Education and Employment in terms of current jobs

Aligning Education to Employability

Inclusion of skill-based modules in curriculum is a powerful way to increase chances of employability of students

Employability in the IT sector has been a matter of huge concern lately. While there are proposals to create a pool of 500 million job ready-workforce by 2020, now more than ever, it is necessary to acknowledge that archaic pedagogy and curricula can prove to be a significant challenge to achieve this, and this calls for an education ecosystem that leads the way in enabling necessary skill-sets and providing hands-on training in colleges. In short, education and employment need to be aligned.

Emerging trends in technology and global workforce standards makes it impossible for universities to keep up, making various aspects of the curriculum, and learning redundant. The wide gap between the industry and academia needs to be replaced with application-based learning experiences which can simulate real-world work environments. Inclusion of skill-based modules in curriculum is a powerful way to ensure that students get to apply what they learn, and use the skills required to provide solutions to workplace challenges.

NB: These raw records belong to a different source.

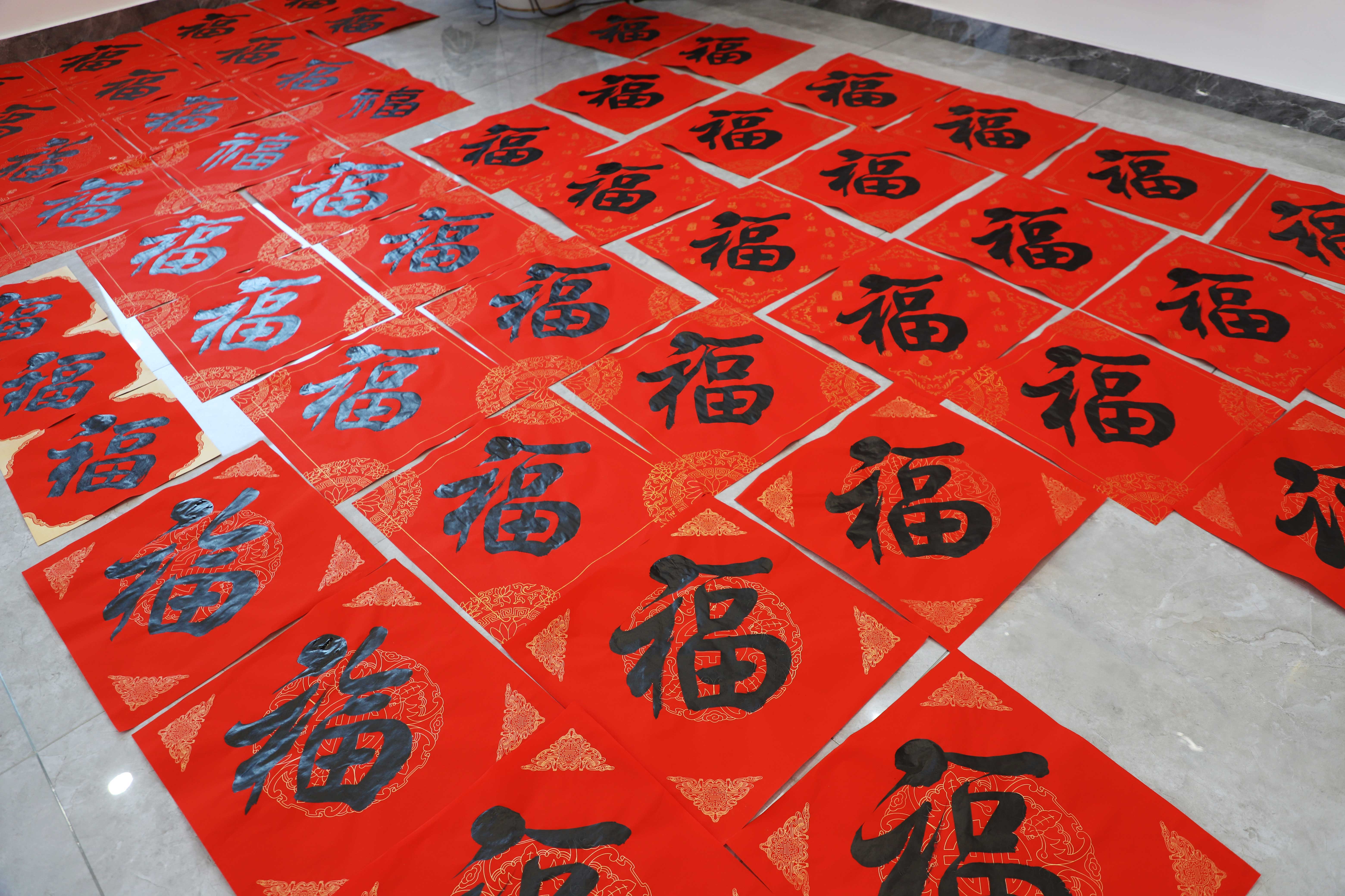 現(xiàn)場(chǎng)翰墨飄香,紅紙鋪展,毛筆在手中輕舞,墨汁在紙上暈染。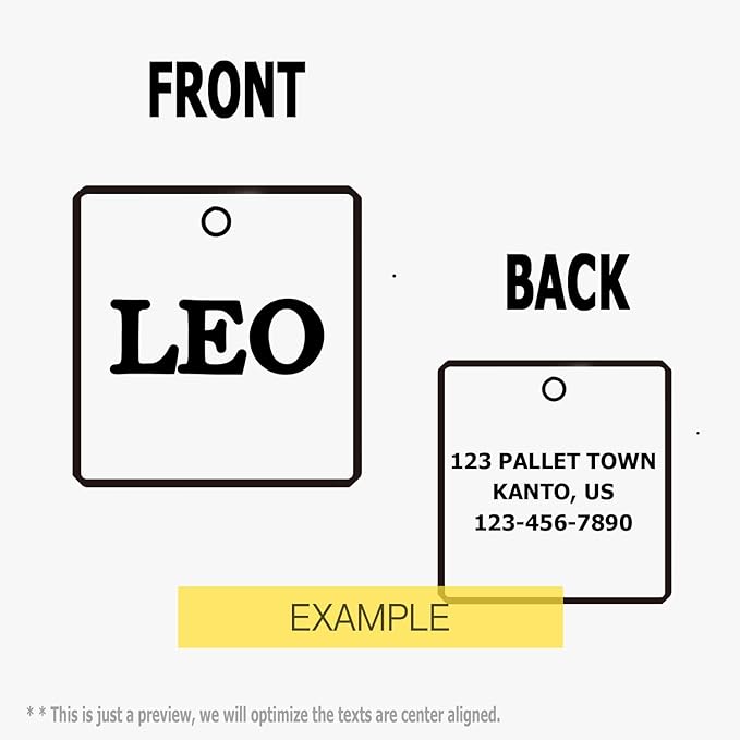 - Minimalist Design - The perfect name pendant for your cat / dog fur-baby. Individually engraved in a font of your choice with name, telephone number, address, birthday.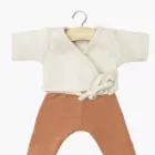 Conjunto de top cruzado de punto acanalado y legging de jersey para muñecas y bebés Minikane Gordis de 34 cm.
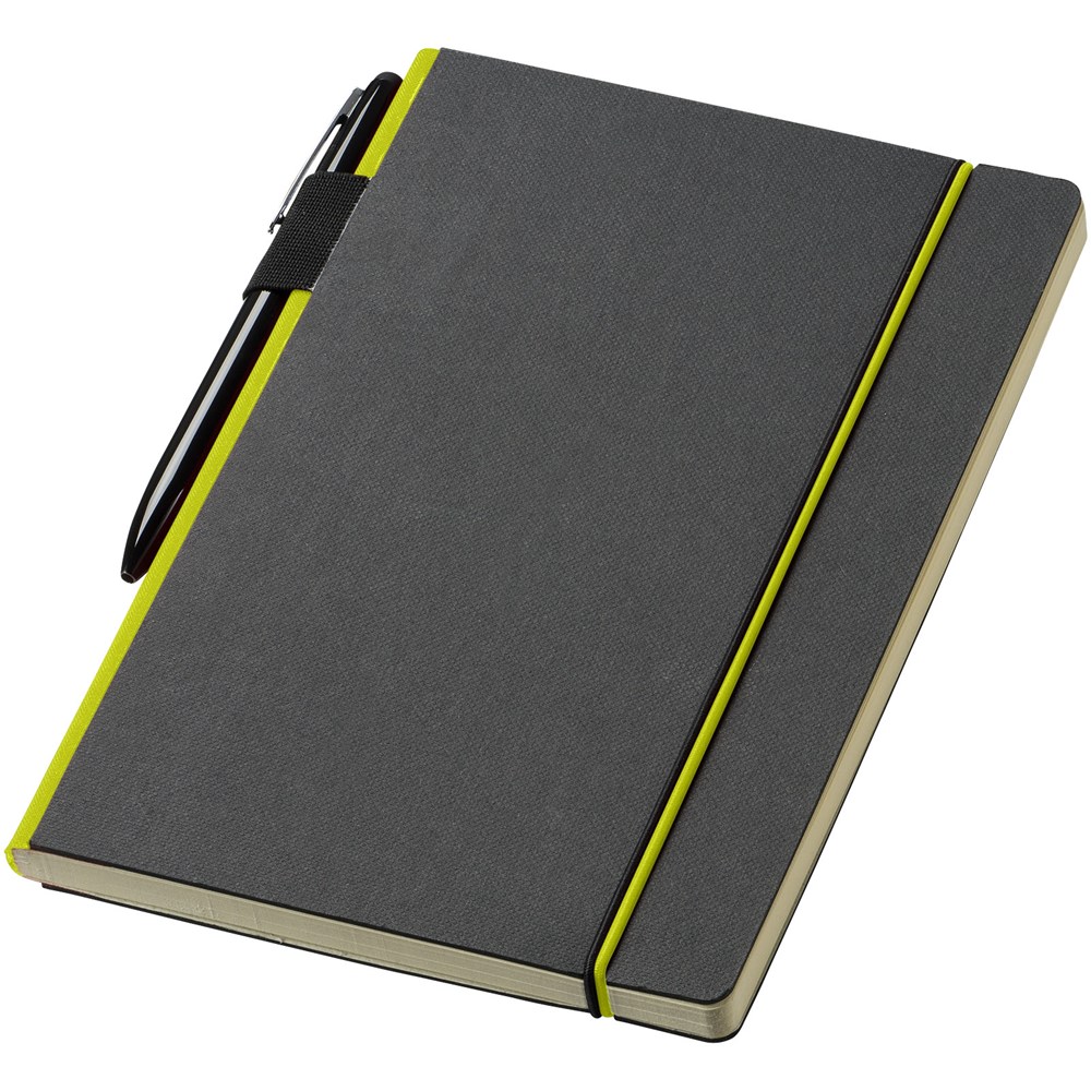 Ein farbiger Rücken und ein Gummiverschluss geben diesem klassischen schwarzen... mehr

The largely adopted brick-and-mortar approach to learning that dates back to early 18th Century has remained virtually unchanged – until now. Learning as a concept is changing. As the educational industry today seeks to meet the needs of learners who have high expectations from their learning process. Resisting such changes in pedagogy is bound to make the students expendable in the long run. Having understood this shift in learning, it is necessary for universities to understand this shift in learning and adopt a learning ecosystem that can eliminate the challenges faced in a traditional learning environment on every front, and transform the way learning, content, and experience is delivered.

Such a learner-centric environment, when coupled with our meticulously curated curricula instills a sense of ownership over learning, enable these students to become more self-driven, and are encouraged to now track and improve on their achievements.

The learning ecosystem in colleges needs to hinge on thoughtful consideration of how to architect course materials that can be further customised to meet the learning objectives while also supporting different learning styles, taking one objective at a time, carefully studying how students learn, gather and process information so that they can apply what they learnt. Colleges bear the responsibility to provide avenues that encourage learners to engage with the large volumes of digital content and practise labs that will allow learners to stay focused for longer periods, advocating learning through research, exploration and practice.

By responding to the niche expectations of the 21st century students, and eliminating restrictions regarding what constitutes as a learning space, it is time colleges go beyond playing the role of a teacher, and become facilitators of and continuous learning process.

Skill development industry is witnessing the rise of a new class of aspirant from the corporate world who are willing to upskill themselves and stay productive whenever required. Academia needs to respond to this necessity of lifelong learning which has become an economic compulsion of today’s knowledge-based economy. Now more than ever, educational Institutions have to cater to students who want to have control on time, place and outcome of learning.